FIG. 1 is a plan view of a coagulating sedimentation device according to embodiment 1 of the present invention;

fig. 2 is a schematic view of a settling zone in an embodiment of the invention.

Reference numerals: a reaction zone I; a sedimentation zone II; 1.1 of a coagulation reaction zone; a flocculation reaction zone 2; a first flocculation reaction zone 2.1; a second flocculation reaction zone 2.2; a third flocculation reaction zone 2.3; a water inlet 4; adding a coagulant into a metering pump 5; a stirrer 6; adding a flocculating agent into a metering pump 7; a stirrer 8; a beveled region 9; an overflow weir 10; a sludge pump 11.1; a water outlet pipe 12; a sludge discharge pipe 13; a baffle 14; water passing holes 15; a partition wall 16; a partition wall 17; water passing holes 171; a partition wall 18; water passing holes 181; a partition wall 19; water passing holes 191; partition 20 sludge hopper 21.

Detailed Description

The utility model provides a coagulating sedimentation device, which comprises a rectangular area, wherein the middle of the rectangular area is divided into two square areas, namely a reaction area and a sedimentation area, by a partition wall; the reaction zone is divided into four-grid square water pools by two cross-shaped partition walls, wherein one grid is a coagulation reaction zone, the other grid is a flocculation reaction zone, and the coagulation reaction zone, the flocculation reaction zone and the precipitation zone are connected through water passing holes; the coagulation reaction zone is provided with a water inlet, a coagulant adding metering pump and a rapid stirrer; the flocculation reaction zone is provided with a flocculating agent feeding metering pump and a slow stirrer, a sludge hopper is arranged below the sedimentation zone, an inclined tube zone is fixed above the sedimentation zone, and the top of the inclined tube zone is provided with an overflow weir; sewage enters from the water inlet, a coagulant is added into the coagulation reaction zone by the coagulant adding and metering pump, a flocculant is added into the flocculation reaction zone by the flocculant adding and metering pump, and the stirrer is used for stirring and mixing; sewage passes through cross the mouth of a river and realize baffling and finally get into the settling zone, pipe chute district one side is fixed sets up the baffle, and the sewage that gets into the settling zone warp the baffle dams, follows the baffle below gets into the pipe chute district, and mud sinks to discharge through the mud pipe behind the sludge bucket, and sewage after the purification is followed the overflow weir is discharged.
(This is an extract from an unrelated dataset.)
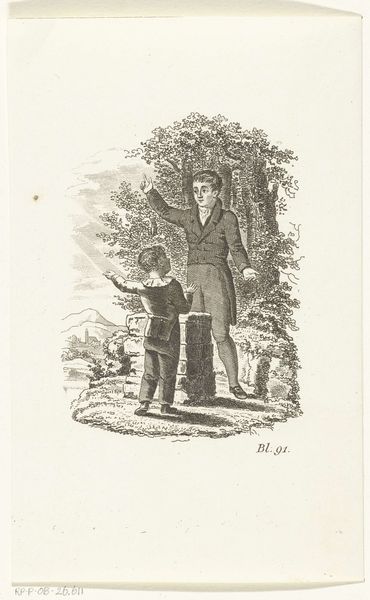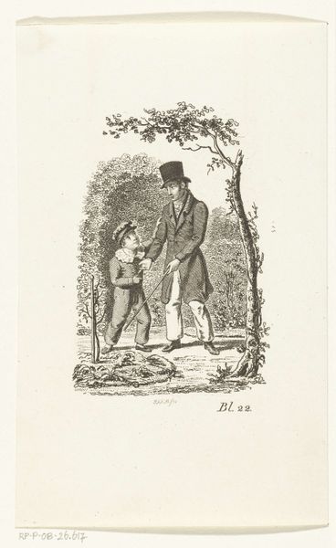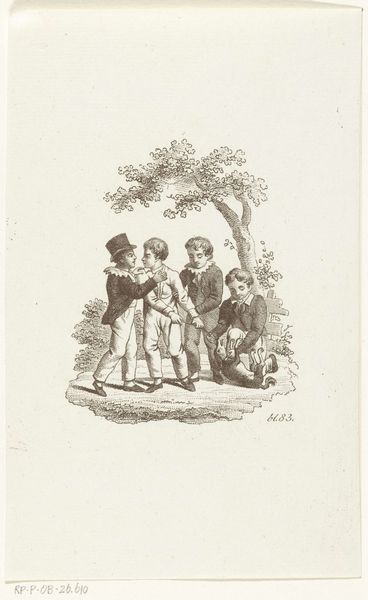 Curator: Here we have an ink drawing on paper from Johannes Alexander Rudolf Best, dating between 1807 and 1855. Its title translates to "Father with two boys in his arms and mother, sitting in garden by two dogs." What are your immediate impressions? Editor: Well, the most striking thing is the almost saccharine domesticity. It presents a picture of idyllic family life, with very clean lines and an incredibly still, posed arrangement. Almost too perfect. Curator: It is fascinating how the artist uses the conventions of Romanticism to depict bourgeois domesticity. The positioning of the father as the central figure, cradling the boys, speaks to notions of paternal authority and emotional connection. The mother, while present, occupies a more passive role. We must consider how such a depiction reinforces prevailing gender norms of the time. Editor: Indeed. The formal composition also interests me. Note how the artist has grouped the figures centrally, framed by the trees and architectural detail of the home behind. It creates a sense of enclosure and self-containment, further reinforcing the idea of the family as a distinct, protected unit. I wonder what semiotic readings one might have for the repeated appearance of canines in similar period works... Curator: Through an intersectional lens, one can analyze the visual representation of class in this piece. The well-dressed family, the manicured garden, and even the presence of dogs as pets, signals a certain level of privilege and economic standing. This is not simply a portrayal of familial love, but also a subtle display of social status and bourgeois ideals. Editor: Absolutely. The execution of the work seems rather skillful in modulating line and tone with such restricted palette, drawing one's eyes towards the interiority of the image despite its simple narrative scene. Do you find it to have succeeded in expressing any particular emotional nuance through those aesthetic decisions? Curator: The drawing underscores the socio-political constructs embedded within the family unit during the early 19th century. Its idealized vision serves to naturalize power structures and gender roles. It’s also an intimate depiction, offering glimpses into personal lives and aspirations during a pivotal era. Editor: Indeed, and I find my attention shifting again toward the dogs – creatures bound to both labor and leisure in that period. Each compositional choice tells an intriguing piece of a story, with technique being as equally a factor of import as content matter itself. Curator: A pertinent observation to keep with us when reflecting on similar drawings of that era.

The utility model discloses a deposit the principle:

after the coagulant is added into the waste water in the coagulation reaction zone, the coagulant is generally aluminum salt or iron salt, such as polyaluminium chloride, ferrous sulfate, ferric chloride or aluminum sulfate, and the colloid is reduced or eliminated by the potential, so that the stable state of the particles is destroyed (called destabilization). The process of agglomeration of destabilized particles into larger particles is called agglomeration, thereby forming small alum flocs visible to the naked eye. In the process, a mixing facility is needed to enable water flow to generate violent turbulence after the medicament is added, so that the medicament can be rapidly and uniformly diffused into the whole water body, and a rapid stirrer is usually needed. Adding a flocculating agent into the flocculation reaction zone, adsorbing colloid and suspended particles, and forming a string of serial flocs (alum flowers) by a bridge frame under the action of electrostatic force, van der waals force, hydrogen bond force and the like to fuse and coalesce large flocs (alum flowers), so that the water-soluble chain-shaped high polymer flocculating agent can be precipitated in the precipitation zone. After the reaction is completed in the coagulation reaction zone, sewage forms fine alum floc, but the sewage does not reach the natural precipitation granularity, and after the flocculating agent is added, the water conservancy condition for ensuring that particles obtain proper collision contact and are not broken is required, so that a slow stirrer is arranged to complete the flocculation reaction.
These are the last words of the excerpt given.